The research charity Natural Justice was set up to find out what causes antisocial and criminal behaviour. Their work has shown that good nutrition, which we all need for good health, can also have a remarkably positive effect on behaviour.

Natural Justice was established to improve the care and rehabilitation of people who offend, by the development and promotion of techniques that address the interaction of social, biological and environmental influences on criminal behaviour.

Since 1991, they have specialised in multi-disciplinary research into what causes antisocial behaviour. Knowing what actually causes antisocial behaviour should make it much easier to do something about treating - and perhaps more importantly, preventing - such problems.
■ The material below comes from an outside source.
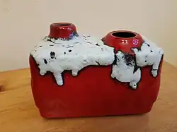 The terms Fat Lava and West German Art Pottery are often used interchangeably, but technically have a different meaning. Fat Lava refers specifically to a type of thick glazes that gives the object a thick lava-like look. This type of glaze was commonly used in this period by German pottery manufacturers. The term Fat Lava itself though is of a much more recent date. It has been suggested that the term Fat Lava first emerged with an exhibition curated by Graham Cooley during the King's Lynn Arts Festival in 2006, but the term was actually being used by sellers in Germany at least a decade earlier and may actually be due to a slightly faulty computer translation that came up with "fat" when the more accurate term would be "thick". The precise origin is likely to remain uncertain, but it definitely predates the Fat Lava exhibition and related catalog.

Natural Justice may have found a way to do just that, with research studies proving that better nutrition can reduce offending. Their randomised controlled trial published in 2002 showed that antisocial behaviour in a prison population could be reduced by one third following dietary supplementation with minimal doses of a wide range of vitamins, minerals and fatty acids. The implications of this work are potentially enormous.
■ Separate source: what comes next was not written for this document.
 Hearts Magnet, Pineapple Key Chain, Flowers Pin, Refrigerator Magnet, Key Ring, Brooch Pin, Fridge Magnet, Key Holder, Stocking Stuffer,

A major new research project began in January 2008, led by scientists at Oxford University, entitled 'Nutrition as a modifiable cause of antisocial behaviour: replication of a double blind randomised controlled trial.' This trial involves 1000 inmates at three UK prisons and will take several years to complete.

Natural Justice was honoured that their research into nutrition and offending has been presented at a Reception at the House of Lords by the Rt. Hon. Paul Boateng and The Rt. Hon Lord Waddington. It was also cited as a seminal influence on the recent inquiry into The Links Between Diet and Behaviour carried out by the Associate Parliamentary Food and Health Forum, and published in January 2008.

Natural Justice and the South Cumbria Alternative Sentencing Options were predecessor organisations of The Institute for Food, Brain & Behaviour.